Put node to maintenance
It can happen, that I am making maintenance on a node and it is not desired that crm would do anything there. For this, we can put systems or a resource into maintenance mode. In maintenance mode, crm is not managaing the affected resources.
Resources are handled via resoruce sub-command. It can mainteance parameter: resource maintenance <resource> on/off
.
crm(live/atihome)# resource maintenance bind9 on crm(live/atihome)# status Cluster Summary: * Stack: corosync * Current DC: pihome (version 2.0.5-ba59be7122) - partition with quorum * Last updated: Sun Dec 5 19:05:22 2021 * Last change: Sun Dec 5 19:05:15 2021 by root via cibadmin on atihome * 2 nodes configured * 2 resource instances configured Node List: * Online: [ atihome pihome ] Full List of Resources: * DnsIP (ocf::heartbeat:IPaddr2): Started atihome * bind9 (service:named): Started atihome (unmanaged)

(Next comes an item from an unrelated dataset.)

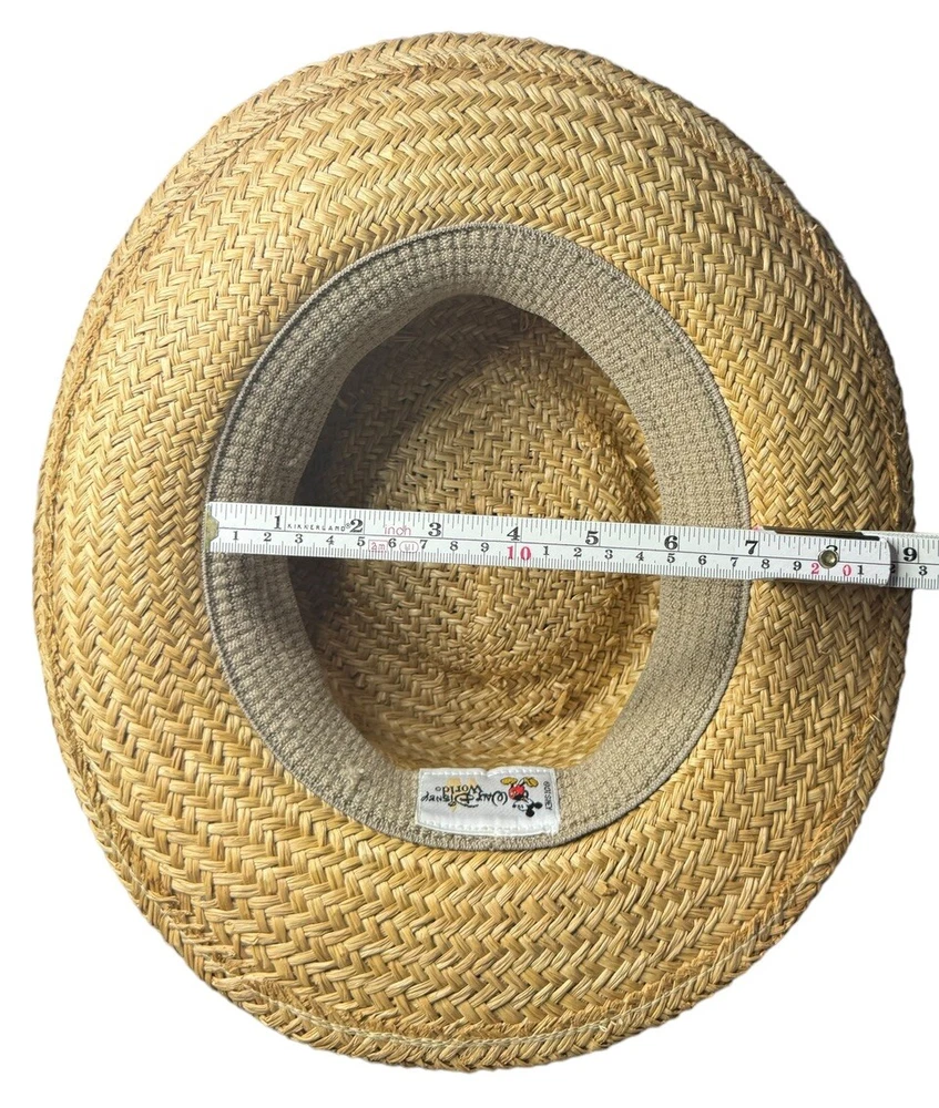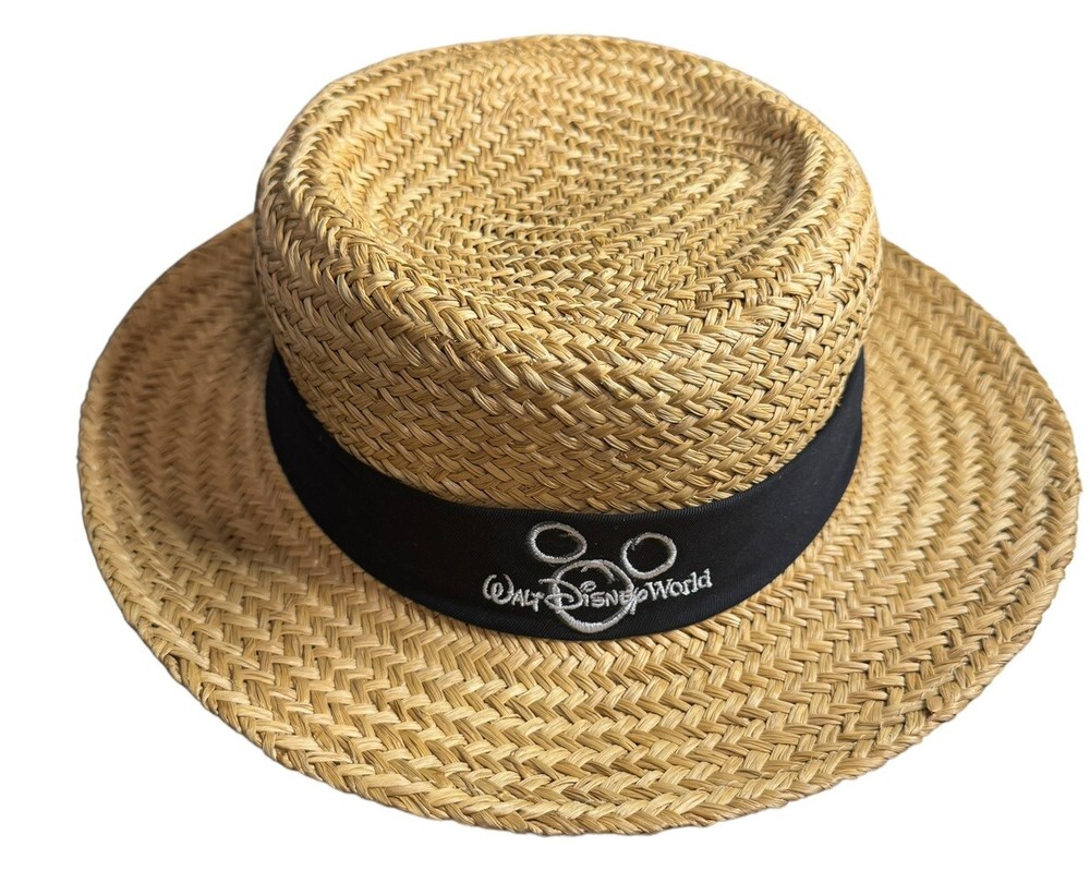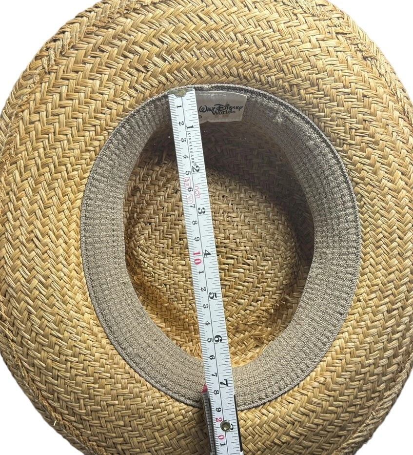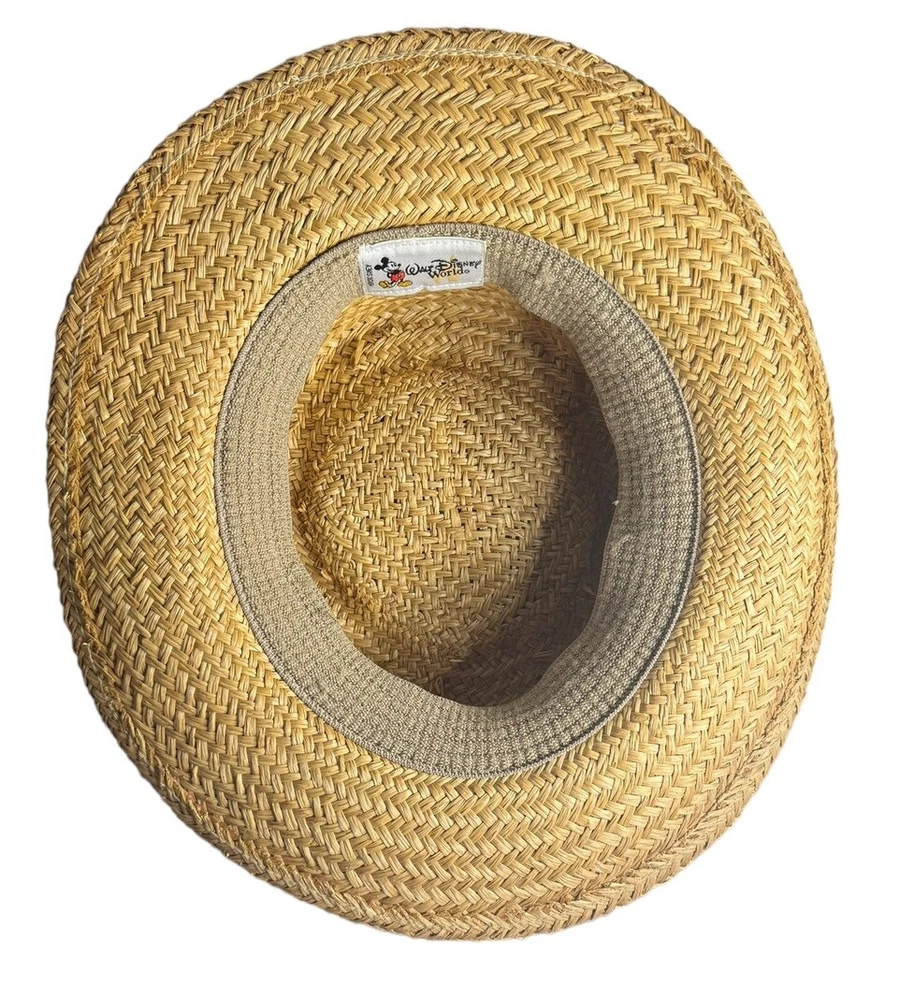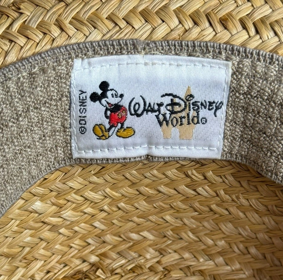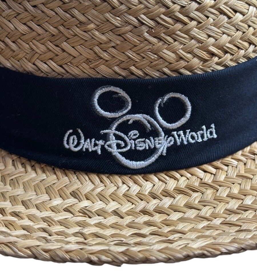 This official Walt Disney World wide rim straw sunhat is a must-have for any Disney fan. With its unisex design, it's suitable for both children and small adults. The hat features a classic straw color and the iconic Mickey Mouse silhouette on the front, making it a perfect addition to any Disneyana collection. The hat is branded with the Disney franchise and is perfect for wearing on your next trip to the amusement park or on a sunny day out. It's one size fits all, so you can wear it comfortably no matter how old you are. Add this Disney sunhat to your collection today and show off your love for Mickey Mouse and all things Disney.

crm(live/atihome)# resource maintenance bind9 off crm(live/atihome)# status Cluster Summary: * Stack: corosync * Current DC: pihome (version 2.0.5-ba59be7122) - partition with quorum * Last updated: Sun Dec 5 19:05:40 2021 * Last change: Sun Dec 5 19:05:39 2021 by root via cibadmin on atihome * 2 nodes configured * 2 resource instances configured Node List: * Online: [ atihome pihome ] Full List of Resources: * DnsIP (ocf::heartbeat:IPaddr2): Started atihome * bind9 (service:named): Started atihome
Working with nodes has a bit different syntax. node maintenance <name>
out it into maintenance mode and node ready <name>
will undo the maintancen mode:
crm(live/atihome)# node maintenance atihome 'maintenance' attribute already exists in bind9. Remove it (y/n)? y crm(live/atihome)# status Cluster Summary: * Stack: corosync * Current DC: pihome (version 2.0.5-ba59be7122) - partition with quorum * Last updated: Sun Dec 5 19:03:03 2021 * Last change: Sun Dec 5 19:03:00 2021 by root via cibadmin on atihome * 2 nodes configured * 2 resource instances configured Node List: * Node atihome: maintenance * Online: [ pihome ] Full List of Resources: * DnsIP (ocf::heartbeat:IPaddr2): Started atihome (unmanaged) * bind9 (service:named): Started atihome (unmanaged)
crm(live/atihome)# node ready atihome crm(live/atihome)# status Cluster Summary: * Stack: corosync * Current DC: pihome (version 2.0.5-ba59be7122) - partition with quorum * Last updated: Sun Dec 5 19:03:31 2021 * Last change: Sun Dec 5 19:03:29 2021 by root via crm_attribute on atihome * 2 nodes configured * 2 resource instances configured Node List: * Online: [ atihome pihome ] Full List of Resources: * DnsIP (ocf::heartbeat:IPaddr2): Started atihome * bind9 (service:named): Started atihome
As it can be seen, each resource which, was running on atihome, inherited maintenance mode.
Final words
Handling resources is simply, at least for now. Command line interface also seems handy after a few hour testing and practice.